The U.S. Energy Department's weekly inventory release showed a lower-than-expected drop in natural gas supplies, as warmer-than-normal temperatures across the country have restricted the commodity’s requirement for power burn. In fact, gas stocks – currently some 45% above benchmark levels – are at their highest point for this time of the year, reflecting low demand amid robust onshore output.
The Weekly Natural Gas Storage Report – brought out by the Energy Information Administration (EIA) every Thursday since 2002 – includes updates on natural gas market prices, the latest storage level estimates, recent weather data and other market activities or events.
The report provides an overview of the level of reserves and their movements, thereby helping investors understand the demand/supply dynamics of natural gas.
It is an indicator of current gas prices and volatility that affect businesses of natural gas-weighted companies and related support plays like Anadarko Petroleum Corporation (APC), Chesapeake Energy (CHK), Encana Corporation (ECA), Devon Energy Corporation (DVN), Nabors Industries (NBR), Patterson-UTI Energy (PTEN), Helmerich & Payne (HP) and Halliburton Company (HAL).
Stockpiles held in underground storage in the lower 48 states fell by 82 billion cubic feet (Bcf) for the week ended February 24, 2012, below the guidance range (of 90–94 Bcf draw) as per the analysts surveyed by Platts, the energy information arm of McGraw-Hill Companies Inc (MHP).
The decrease – the fourteenth consecutive withdrawal of the 2011-2012 winter heating season after stocks hit an all-time high in mid-November – is also lower than last year’s draw of 85 Bcf and the 5-year (2007–2011) average drawdown of 118 Bcf for the reported week.
As a result of the less-than-expected shrinkage during the past week, the current storage level – at 2.513 trillion cubic feet (Tcf) – is now up 756 Bcf (43.0%) from last year and 780 Bcf (45.0%) over the five-year average.
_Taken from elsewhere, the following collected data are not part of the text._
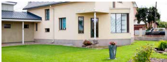
Üks esimestest AEROCI-majadest.

on hinnatud oma energia-tõhususe ning tervisliku sisekliima poolest. JÄMERÄ on Soome vanim ja enim müüdud kivimaja aastast 1974, mille müügi ja paigaldusega Soomes tegeleb Bauroc AS tütarfirma Jämerä Kivitalot Oy. Eestis müüb JÄMERÄ kivimaju frantsiisilepingu alusel Stone Energy OÜ.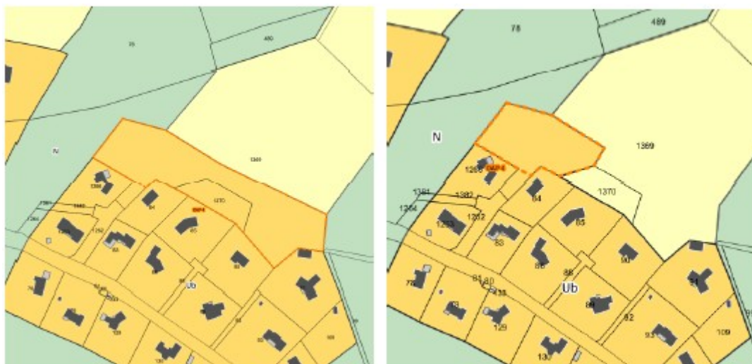
Modification de la zone urbaine Ub aux Huillières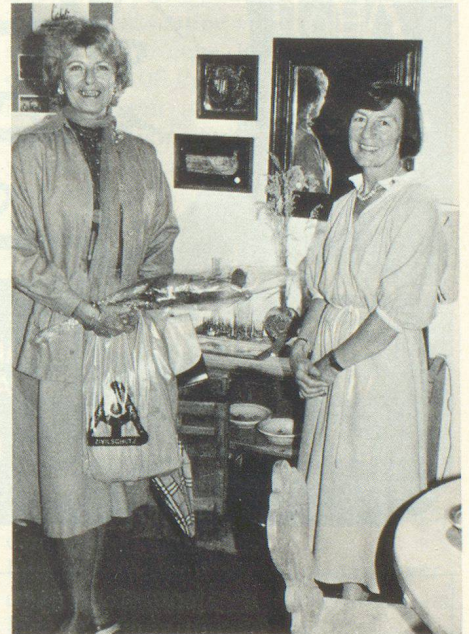
Gina, Fürstin von Liechtenstein, Präsidentin des Liechtensteinischen Roten Kreuzes, hat sich am Zivilschutz-Informationsstand mit Prospekten eingedeckt.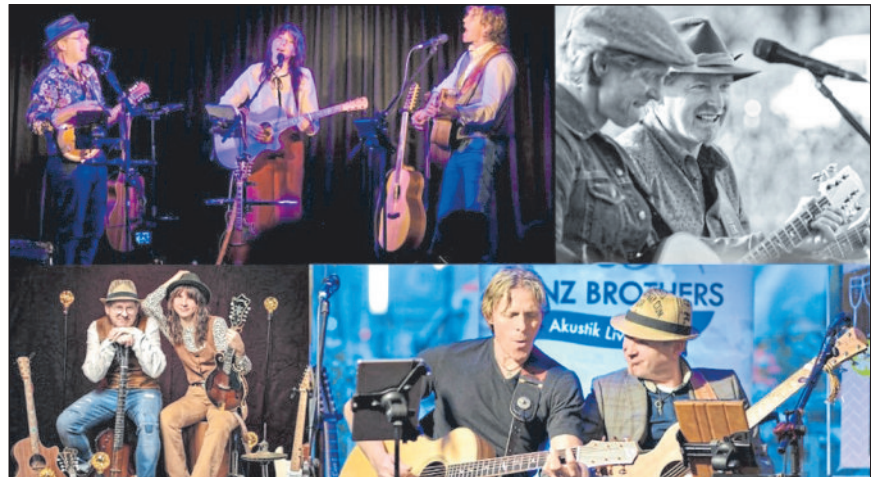
Die Birds Band - Drimagisches Konzert.

am Freitag, 12.09.2025, um 18.30 Uhr mit Die Birds Band, Rusty Rose und das Duo Lenz Brothers, ein drimagisches Konzert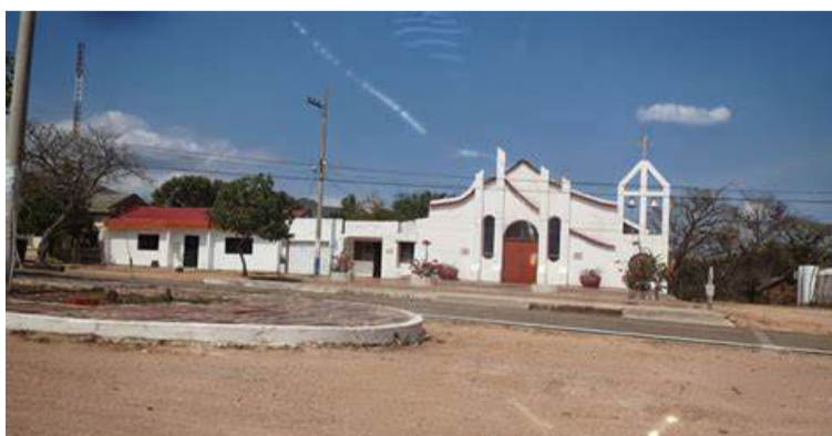
La Junta se ha constituido igualmente en un atractivo turístico para quienes visitan la península de La Guajira.

gan que esa propuesta es de su autoría o que ya la habían hecho hace mucho tiempo. ¡Esperen y verán! Miren, el mejoramiento de la vía San Juan - La Junta se hizo para consolidar la Ruta Folclórica, atraídos por la “ventana marroncita”. Eso es una muestra más que solo hemos pensado hasta ahí.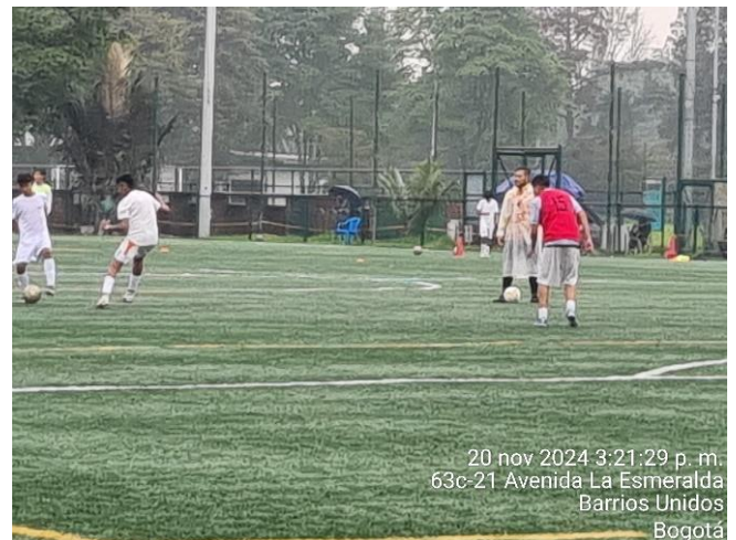
Obligación N. 3 Parte principal trabajo táctico analítico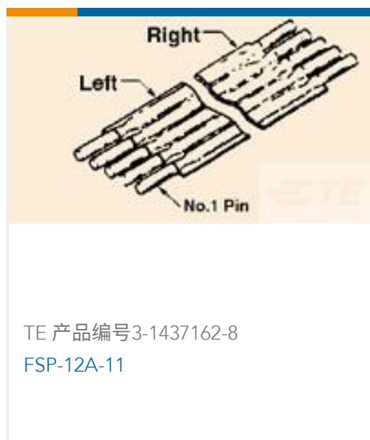
TE 产品编号3-1437162-8 FSP-12A-11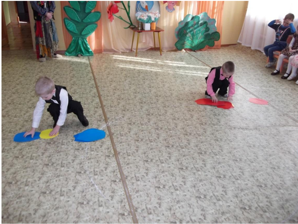
Игра «Собери цветок»

У наших девочек состоялся дебют. Они исполнили замечательный танец с ленточками.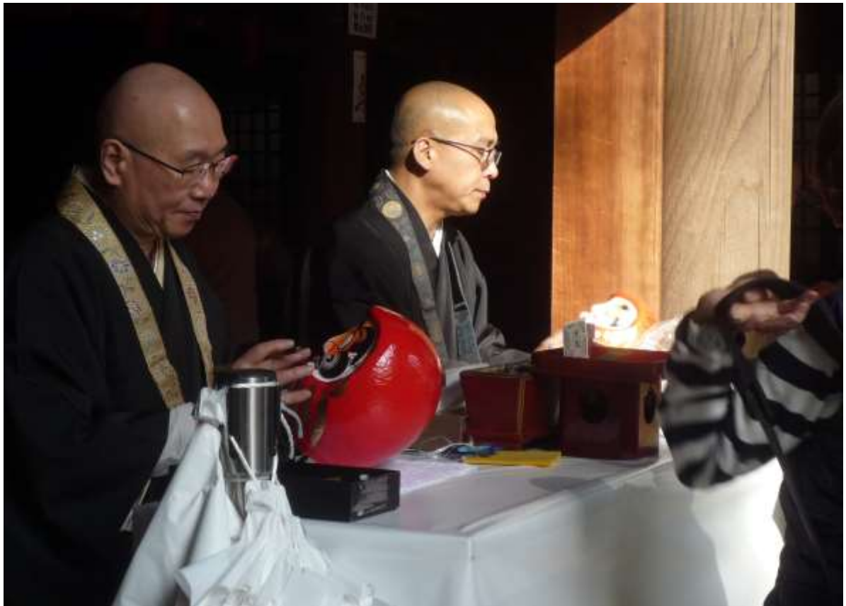
早や七年復興念じ眼を入れる (正二)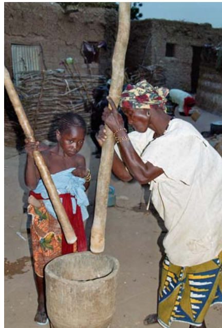
Man versucht zu verkaufen oder gleich Essen vorzubereiten.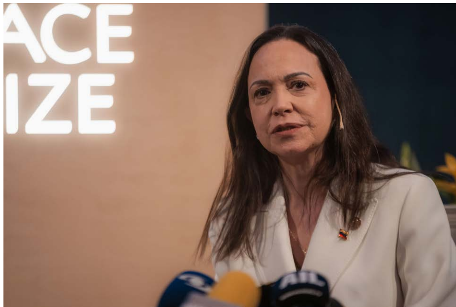
María Corina Machado.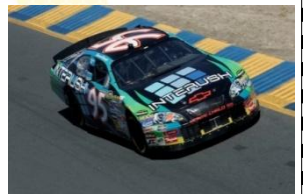
INTERUSH 贊助車款 3

NASCAR 儼然已經成為贊助商及電視公司的搖錢樹。NASCAR 車迷獨特的向心力、賽車現場令人屏息的感官刺激，讓 NASCAR 有別於其他賽車活動，獨步全球！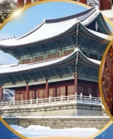
พระราชวังเคียงบกทุก

With this huge and sharply widening natural gas surplus, inventories in underground storage are likely to end the winter close to their highest level of 2.1 Tcf set in 1983.
A supply glut has pressured natural gas prices during the past year or so, as production from dense rock formations (shale) – through novel techniques of horizontal drilling and hydraulic fracturing – remain robust, thereby overwhelming demand.
As a matter of fact, natural gas prices have dropped more than 50% from 2011 peak of about $5.00 per million Btu (MMBtu) in June to the current level of around $2.45 (referring to spot prices at the Henry Hub, the benchmark supply point in Louisiana). Incidentally, prices hit a 10-year low of $2.23 in late January.
To make matters worse, mild winter weather across most of the country has curbed natural gas demand for heating, indicating a grossly oversupplied market that continues to pressure commodity prices in the backdrop of sustained strong production.
This has forced several natural gas players to announce drilling/volume curtailments. Exploration and production outfits like Ultra Petroleum Corp. (UPL), Talisman Energy Inc. (TLM) and Encana have all reduced their 2012 capital budget to minimize investments in development drilling.
On the other hand, Oklahoma-based Chesapeake – the second-largest U.S. producer of natural gas behind Exxon Mobil Corp. (XOM) – and rival explorer ConocoPhillips (COP) have opted for production shut-ins to cope with the weak environment for natural gas that is likely to prevail during the year.
However, we feel these planned reductions will not be enough to balance out the massive natural gas supply/demand disparity and therefore we do not expect much upside in gas prices in the near term. In other words, there appears no reason to believe that the supply overhang will subside and natural gas will be out of the dumpster in 2012.